__Exercise instructions__
Your output should be the lines below from the one with "வள்ளியூர் அருகே தெற்கு" through the one with "9 апреля в 16:00", copied exactly, pictures excluded.
┏━━
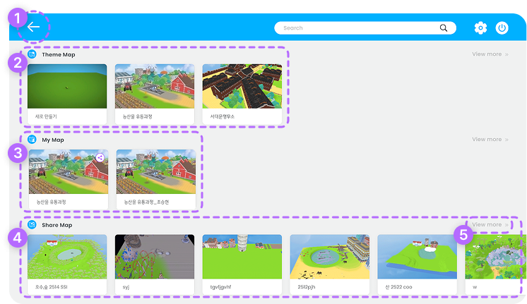 기본 제공되는 테마 맵을 체험할 수 있습니다.
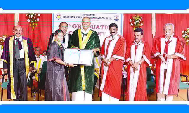 வள்ளியூர் அருகே தெற்கு கள்ளிகுளத்தில் உள்ள நெல்லை தட்சணமாற நாடார் சங்க கல்லூரியின் 46-வது பட்டமளிப்பு விழா, கல்லூரி வளாகத்தில் உள்ள பத்மஸ்ரீ டாக்டர் பா.சிவந்தி ஆதித்தனார் மாணவர் அரங்கில் நேற்று நடந்தது. கல்லூரி செயலாளர் ராமநாதன் நாடார், தலைவர் காளிதாஸ் நாடார், பொருளாளர் செல்வராஜ் நாடார், நெல்லை தட்சணமாற நாடார் சங்க செயலாளர் ராஜகுமார் நாடார் ஆகியோர் முன்னிலை வகித்தனர். கல்லூரி முதல்–வர் ராஜன் ஆண்டறிக்கை வாசித்தார்.
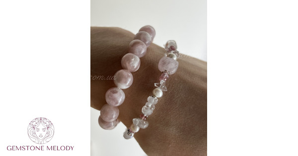 Браслети з фантомного кварцу і родохрозиту
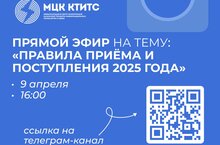 9 апреля в 16:00 МЦК-КТИТС проводит прямой эфир на тему «Правила приёма и поступления 2025 года».
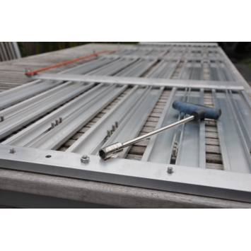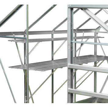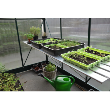 Deze blanke aluminium Alu Grower 250 vormt een universele kweektafel en is leverbaar in diverse maatvoeringen. Deze tafel heeft een vaste breedtemaat van 62,5 cm en een lengte van 250 cm. De constructie bestaat uit aluminium leggers (6 stuks), dragers en schoren (6 stuks). Een solide verbinding met het kasframe wordt gemaakt met behulp van RVS (hamerkop)bouten en moeren, standaardmaat M6. De kweektafel is in hoogte verstelbaar en kan op een ideale werkhoogte worden ingesteld. De Alu Grower 250 vormt een solide eenheid met de kas en helpt de kweekruimte optimaal te benutten. Deze tafel wordt over 4 staande glasroeden (kasframe) bevestigd en steekt daarmee zowel aan de linker- als rechterzijde voorbij de roede. De gevel- of lengtezijde dient daarom minimaal 5 ruiten breed of lang te zijn.
┗━━
__Solution for this exercise__
 வள்ளியூர் அருகே தெற்கு கள்ளிகுளத்தில் உள்ள நெல்லை தட்சணமாற நாடார் சங்க கல்லூரியின் 46-வது பட்டமளிப்பு விழா, கல்லூரி வளாகத்தில் உள்ள பத்மஸ்ரீ டாக்டர் பா.சிவந்தி ஆதித்தனார் மாணவர் அரங்கில் நேற்று நடந்தது. கல்லூரி செயலாளர் ராமநாதன் நாடார், தலைவர் காளிதாஸ் நாடார், பொருளாளர் செல்வராஜ் நாடார், நெல்லை தட்சணமாற நாடார் சங்க செயலாளர் ராஜகுமார் நாடார் ஆகியோர் முன்னிலை வகித்தனர். கல்லூரி முதல்–வர் ராஜன் ஆண்டறிக்கை வாசித்தார்.
 Браслети з фантомного кварцу і родохрозиту
 9 апреля в 16:00 МЦК-КТИТС проводит прямой эфир на тему «Правила приёма и поступления 2025 года».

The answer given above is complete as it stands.